Yes, I know that is not the French way to spell that word, but I am not French. My name is a misnomer. A direct attempt to fool the observer. Trompe l'oiel! I seriously do not believe I have even one cell of French blood in my body. I am French in name only. A poseur, as a writer friend of mine would have said some years ago - when that was his favorite word. His 'word of the day' word. That hung around for more than a day. Ad nauseum, actually. And that, I think, is Latin.

So, this is the disclaimer. I am not French. I am many things, a collaboration of things, a veritable melting pot of things! But, mostly, I am Polish. Long o.

Mostly only because fifty percent of my genetic makeup came from a father who was 100% Polish. At least, as far as I know. Legend has it that my grandparents met on the boat coming over from the 'old country.' But that legend came from my mother who most likely heard it from my father. I met my paternal grandparents once, apparently. When I was about three months old. Part of the legend.

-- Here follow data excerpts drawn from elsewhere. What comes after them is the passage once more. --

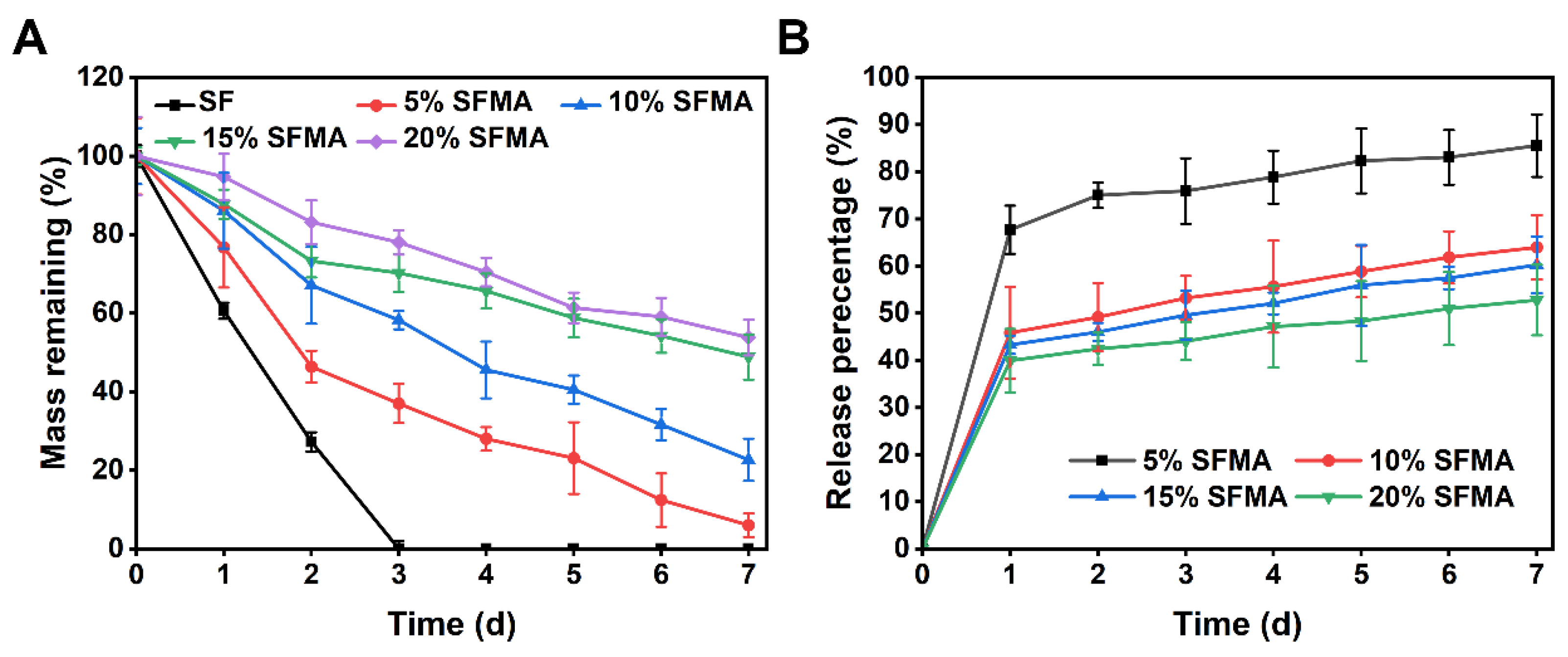 39]. Specifically, 0.1 mL of FITC-BSA was incorporated into SFMA pre-gels of varying concentrations, followed by photo-crosslinking and subsequent immersion in PBS. The cumulative release over a 7 days period was quantified using the fluorescence detection module of a microplate reader. The results demonstrated that the drug-loaded SFMA hydrogels exhibited a characteristic biphasic release profile, comprising an initial burst release phase within the first 24 h, followed by a sustained, linear slow-release phase from days 2 to 7. This release mechanism can be attributed to two release processes: the first release stage diffusion-mediated burst release of surface-associated drug molecules through the hydrogel network, and the second release stage sustained release of the encapsulated payload concurrent with hydrogel matrix degradation (
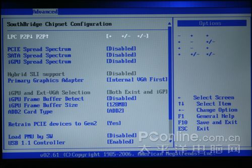 在冠盟MCP7A主板的BIOS中,我们发现“Hybrid SLI support”一栏为灰色状态,也就是用户无法开启“Hybrid SLI support”,即使插上支持Hybrid SLI 功能的Geforce 8500GT也如此。
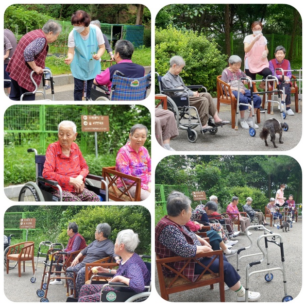 일반식을 드시는 어르신들께 여름철 분위기를 낼 수 있도록 부드러운 옥수수와 수박 등의 간식을 준비하여 드린 후 가볍게 산책하는 시간을 가졌습니다.
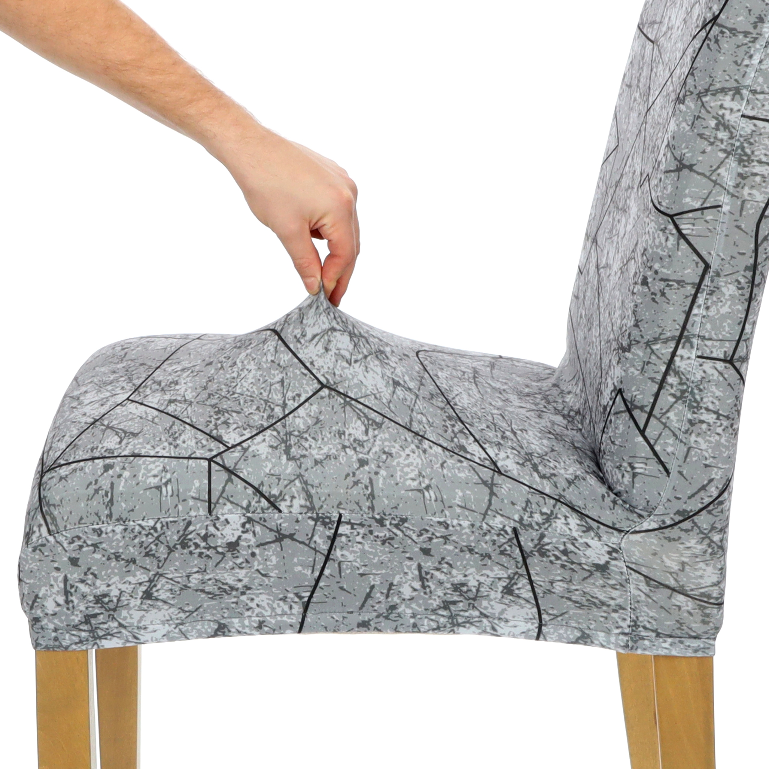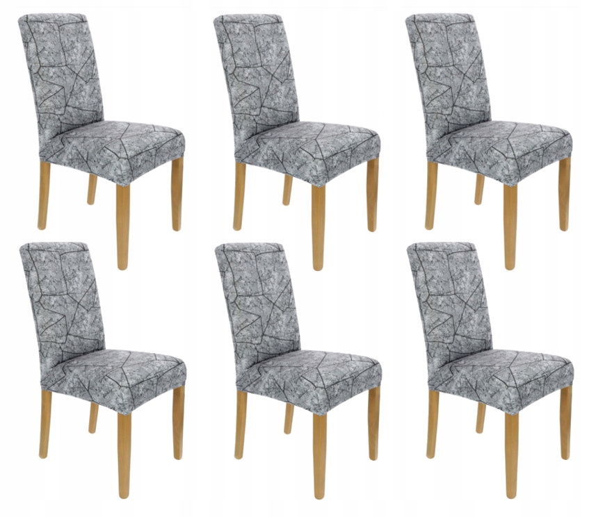 Чехол на стільці, сірий, еластичний, візерунки, 6 шт.

My mother was a lot kinder than I am. She was fond of creating legends that leant a gentleness to life that did not otherwise exist.

Are there any real legends out there? And do any of them really matter? I am not my grandparents. I am not my mother. And I am sure as hell not my father. Just as most everybody else, I am who I am. Sometimes more, sometimes less. But always, and forever, just that - who I am.

And a couple of glasses of wine make that somewhat better than it really is.

Monday, February 07, 2011

Ahhh, dysFUNctional!

Seems a woman was arrested today in southern Louisiana for assaulting her boyfriend with a frozen piece of meat.

The boyfriend told police she became angry when she went to chill her mixed drink and the glass wouldn't fit in the freezer. So she slapped him in the face with a frozen beefsteak. They booked her with aggravated battery.

What exactly does that mean? Wouldn't you have to be at least a little bit aggravated to batter somebody? And, even then, isn't aggravated a bit of an understatement?

Just one more reason for becoming vegetarian. I doubt my package of frozen broccoli would have had quite the same impact. Nor would it have made such a good story.

Although it might have been as good as the burglar who was arrested after leaving his cell phone at the scene of the robbery ...

My friend Eileen was right ... we sure know how to put the fun in dysfunctional!

Sunday, January 23, 2011

Did I Ever Tell You?

... about the time I pulled up to a drive-in window at a local fast-food establishment and ordered a large drink and the person taking the order told me she couldn't give me that because they only had small and medium?

Can somebody tell me why that isn't funny? I still recall my difficulty keeping a straight face. Truthfully, I thought at first she was deliberately making a joke, and I was momentarily impressed with her cleverness. Until I realized she was serious and had no idea why her response was funny.

After telling this story a number of times, I have yet to find anyone else who thinks it's particularly funny. Can someone please explain, why not?

For awhile I thought that would be my magic pea. Like in the story the princess and the pea, only I was looking for a prince and the pea was a fast-food story that nobody thought was funny. Except me. And, of course, the prince. Whom I haven't found, yet. Apparently.